── Supplied data

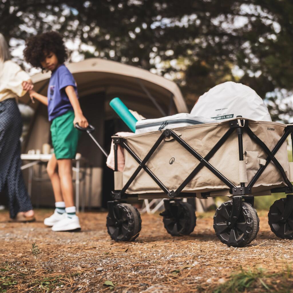 Voziček za vse terene. Z njim boste zlahka vso svojo opremo pripeljali do kampa. Tudi velike šotore.Zelo kompakten, ko je zložen.
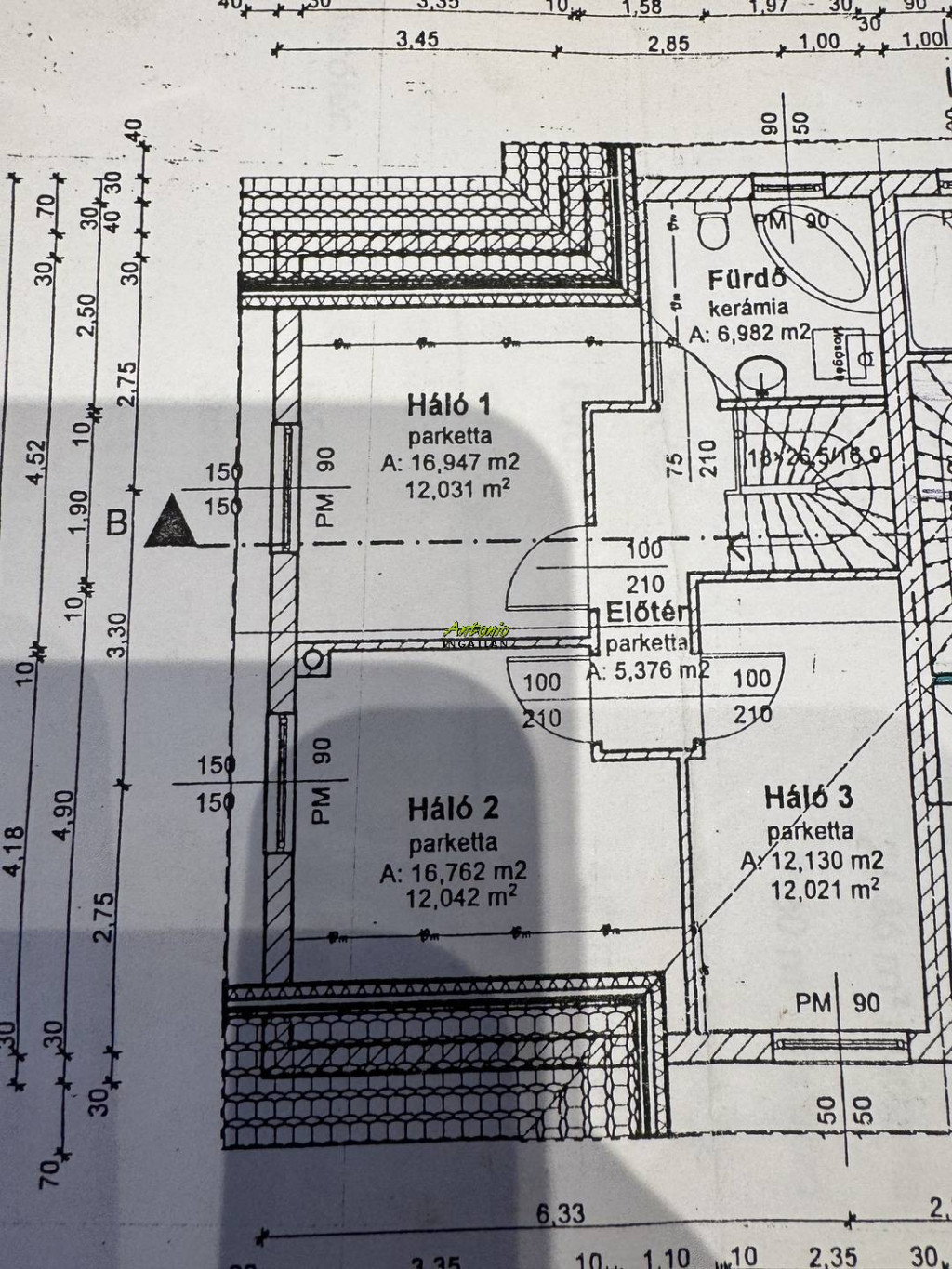 Az emeleten három tágas hálószoba, gardrób, egy sarokkádas fürdőszoba, valamint egy tágas padlás található.
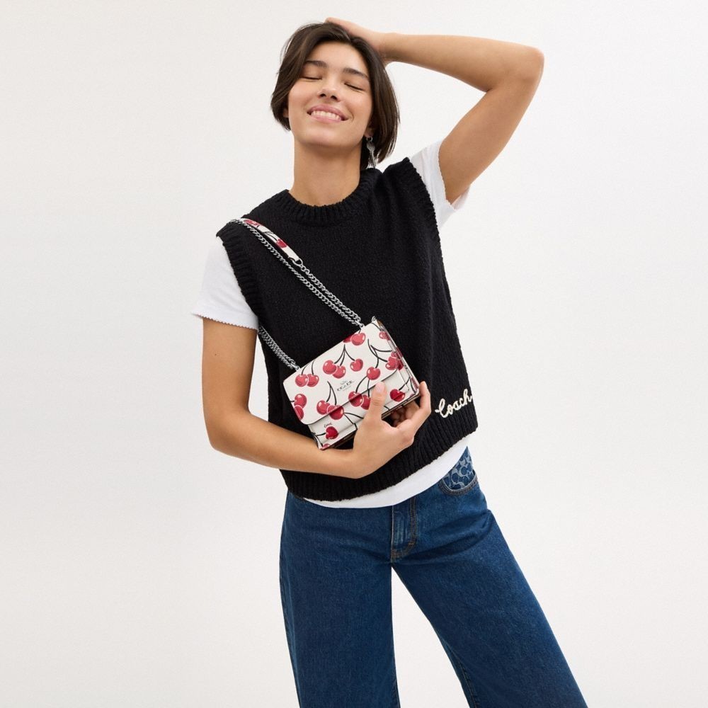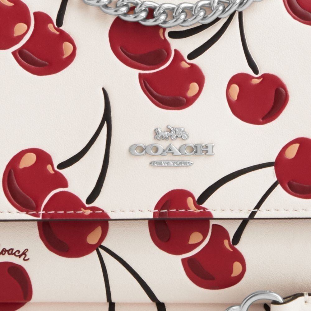 【COACH】KLARE櫻桃印花迷你斜背手袋-銀色硬體/白堊彩(CY717)|官方直營銀色硬體/白堊彩COACH官方旗艦店
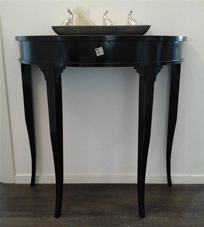 Lot 1 CONSOLE A DEMI LUNE IN LEGNO CON SMALTO NERO CM.80X40 H.CM.81

────

Task to carry out: Without including any image, reproduce the full listing above as written.

Solution to this problem:
 Voziček za vse terene. Z njim boste zlahka vso svojo opremo pripeljali do kampa. Tudi velike šotore.Zelo kompakten, ko je zložen.
 Az emeleten három tágas hálószoba, gardrób, egy sarokkádas fürdőszoba, valamint egy tágas padlás található.
 【COACH】KLARE櫻桃印花迷你斜背手袋-銀色硬體/白堊彩(CY717)|官方直營銀色硬體/白堊彩COACH官方旗艦店
 Lot 1 CONSOLE A DEMI LUNE IN LEGNO CON SMALTO NERO CM.80X40 H.CM.81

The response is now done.